In the context of Aztec, a contract is a set of functions which can be of one of three types:
- Private functions: The functions that run on user's machines. They are circuits that must be individually executed by the ACVM and proved by barretenberg.
- Public functions: The functions that are run by sequencers. They are aggregated in a bytecode block that must be executed and proven by the AVM.
- Unconstrained functions: Helper functions that are run on users' machines but are not constrained. They are represented individually as bytecode that is executed by the ACVM.
- Unconstrained functions are often used to fetch and serialize private data, for use as witnesses to a circuit.
- They can also be used to convey how dapps should handle a particular contract's data.

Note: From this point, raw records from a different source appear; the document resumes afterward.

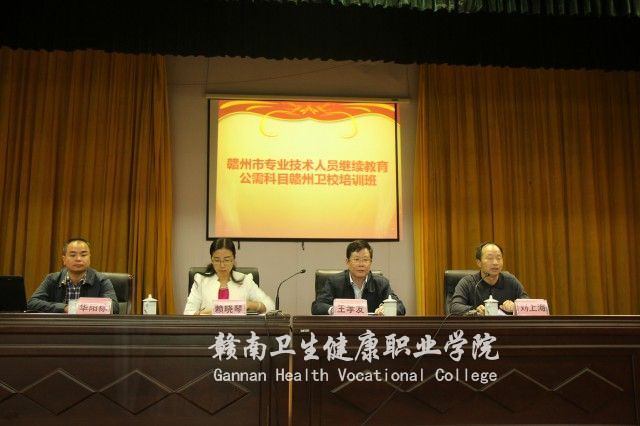 11月4日下午2:50分,赣州市人社局培训中心在我校学术报告厅举行了赣州市专业技术人员继续教育公需科目赣州卫校培训班开班仪式。赣州市人社局副局长王孝友莅临培训班、并做了重要讲话,赣州卫校校长林莉出席培训班、副校长赖晓琴代表学校做了表态讲话。培训班仪式由赣州市人社局培训中心主任刘上海主持,赣州卫校230余名专业技术人员参加了培训班。
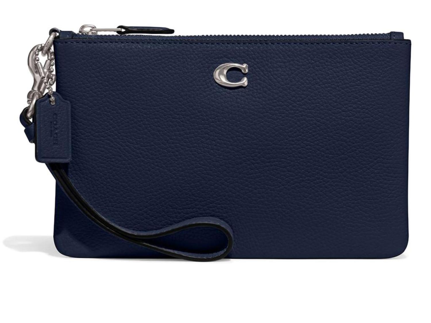 Crafted in polished pebble leather, this wristlet is perfectly sized for cards, cash and a phone. Wear it on your wrist or clip it inside a larger Coach bag.
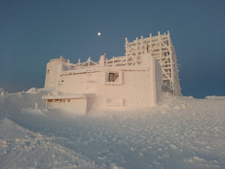 Станом на 08:00, 02.01.2021р. на г. Піп Іван Чорногірський ясно, вітер південно-західний, 8-9 м/с., температура навколишнього середовища -8°С.
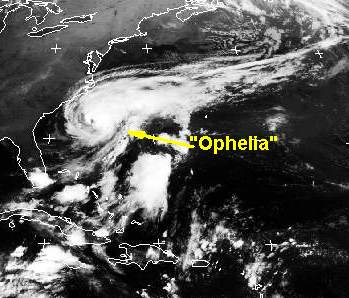 Der Hurrikan 'Ophelia' nähert sich der US-Atlantikküste, nach den neuesten Berechnungen streift er am Dienstag und Mittwoch mit Windgeschwindigkeiten von etwa 140km/h die Küste von Nordcarolina.
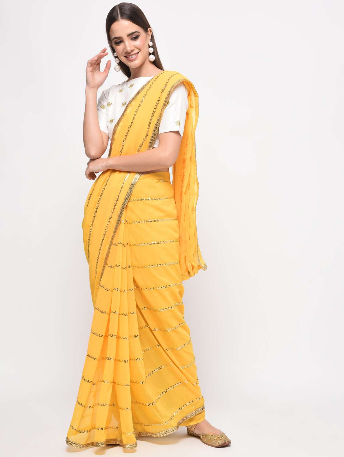 - » sequined leheriya saree with blouse
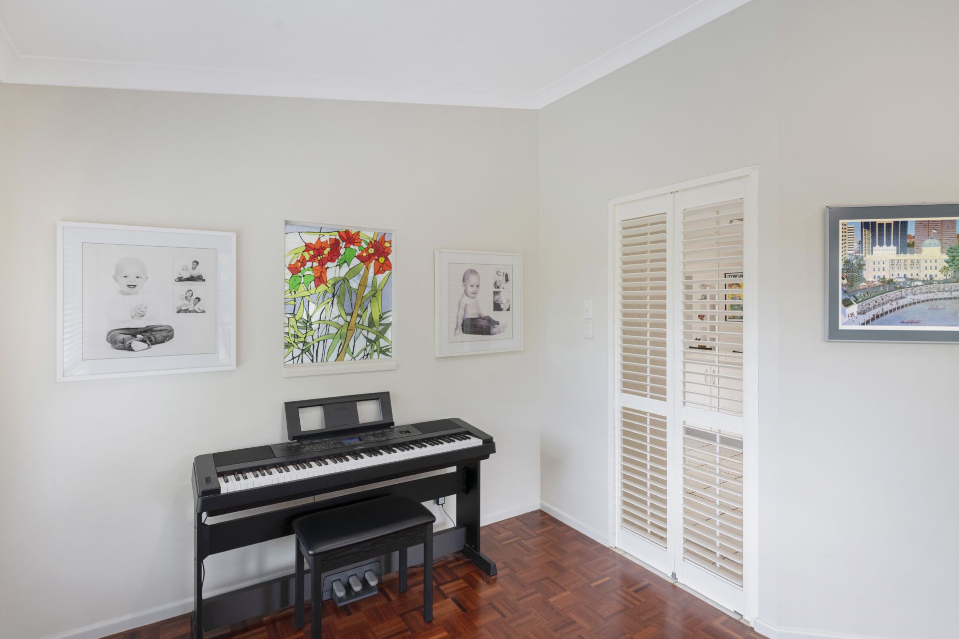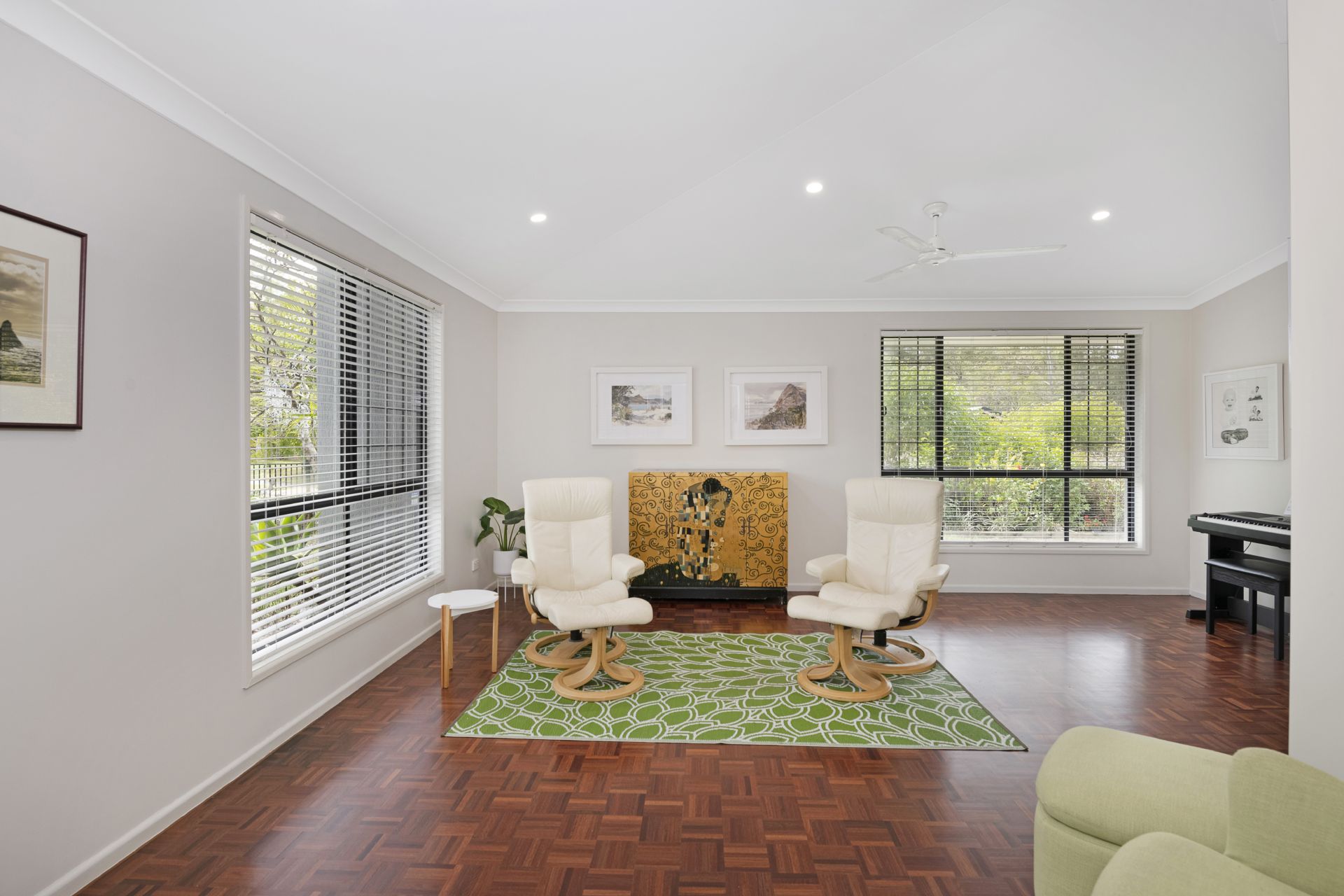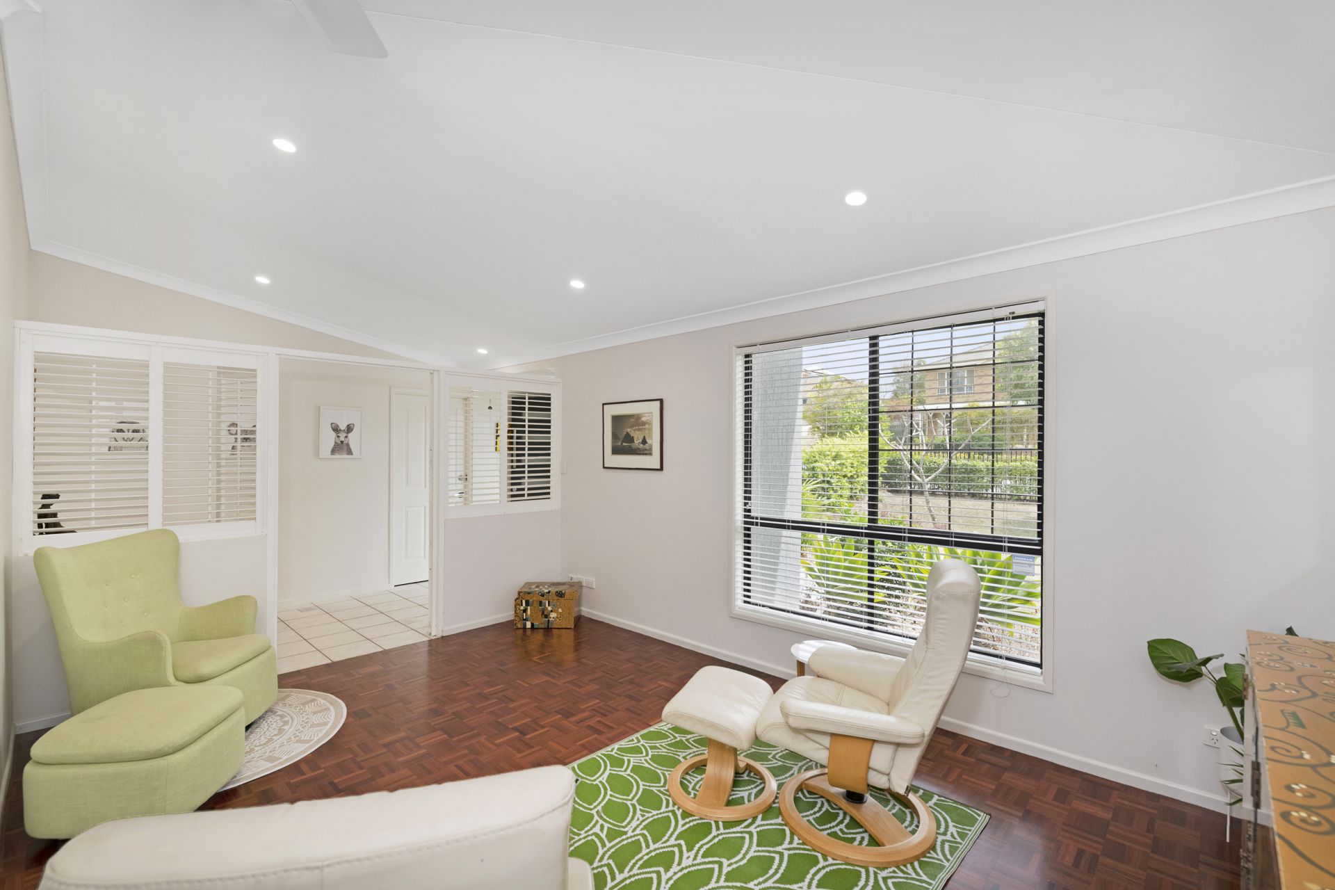 > The open plan formal living/dining area has access through to the kitchen area. Featuring polished finger parquetry timber flooring, ceiling fan, security screens, plantation shutters and LED down-lights throughout.
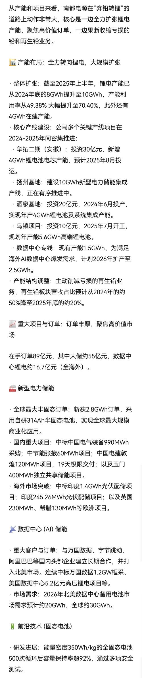 $南都电源(SZ300068)$可以建仓没有? 通过大数据分析,南都潜力很大。 1、铅业务占比开始缩减、剥离。 2、锂电池业务、锂电池回收占比开始变大,业务、回收也有开始新增产能,2026年中有可能开始释放。 3、储能方面,公司出海前景不错,海外订单有不少。 4、储能方面,公司国内的发展也开始有新起色。 5、按2024年算7—8元的支撑基本面,在上面四点的情况下,特别是新增产能一旦正式全部释放投产...
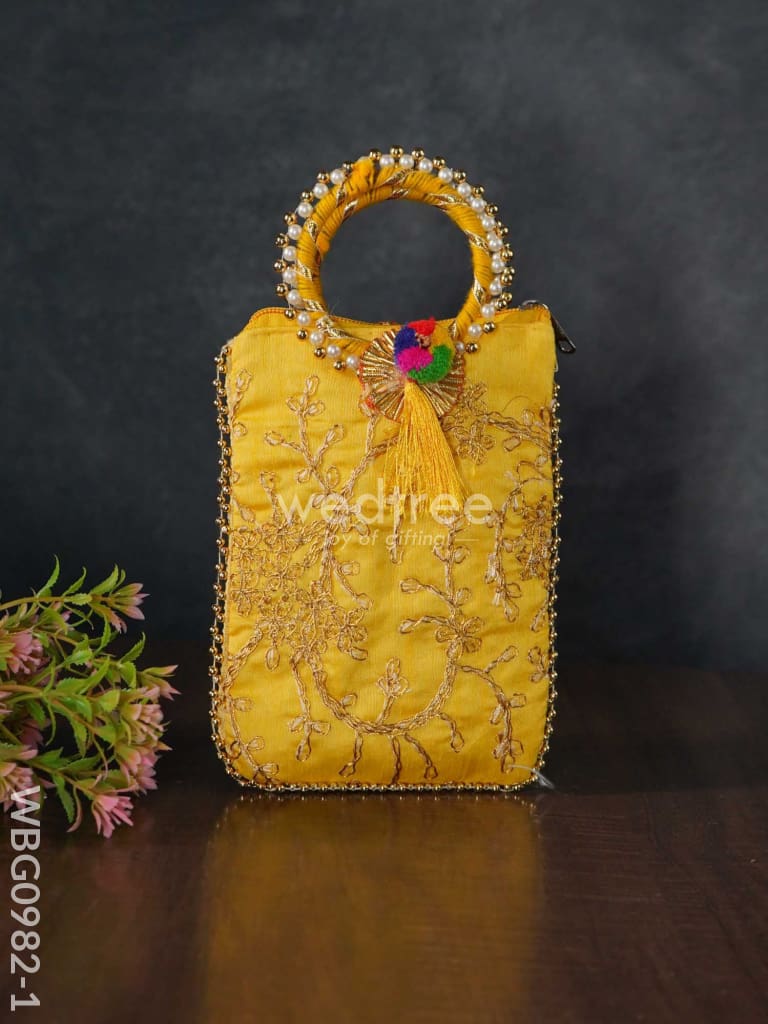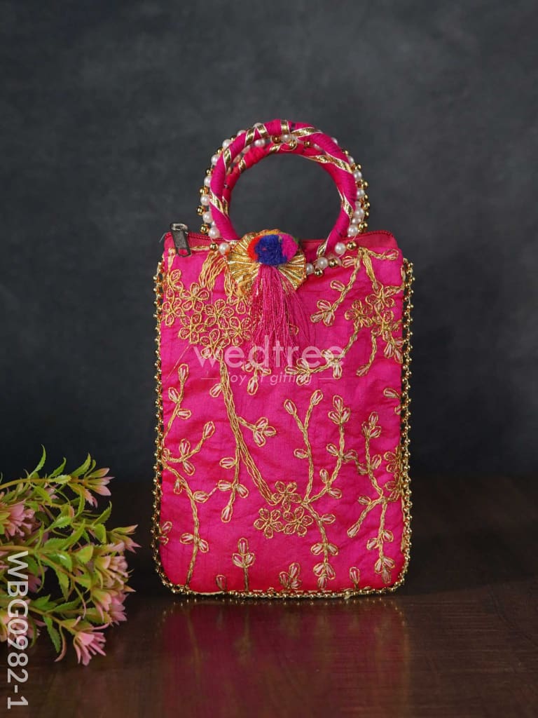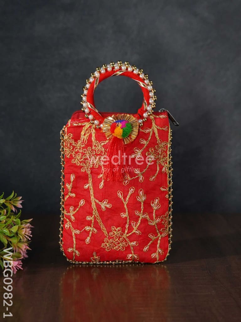 Return Gift Hand Bag with Pearl Handle - 7 inch - WBG0982-1
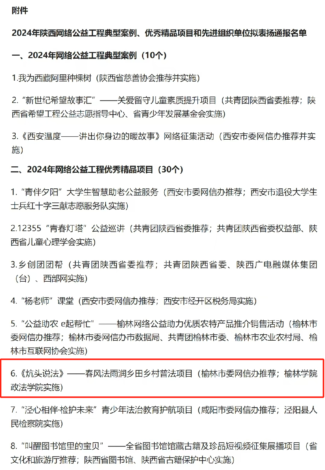 近日,“2024年陕西省网络公益工程”评选结果公示,bat365法学与历史文化学院章赵晖老师带领的团队开展的《炕头说法》——春风法雨润乡田乡村普法项目,成功入选“2024年陕西省网络公益工程优秀精品项目”。
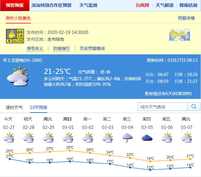 27日多云,早晨有轻雾,气温18-25℃,沿海及高地最大阵风6-7级;28日至3月3日多云为主,气温小幅波动,早晚有轻雾,偶有零星小雨;4日冷空气影响,北风加大,有小雨,气温明显下降。森林火险黄色预警持续生效中,请注意家庭用火、用电安全。

When a contract is compiled, private and unconstrained functions are compiled individually. Public functions are compiled together to a single bytecode with an initial dispatch table based on function selectors. Since public functions are run in a VM, we do not incur a huge extra proving cost for the branching that is required to execute different functions.
If a private function needs unconstrained hints, the bytecode that generates the unconstrained hints is embedded in the private circuit. This allows the ACVM to compute the hints during witness generation.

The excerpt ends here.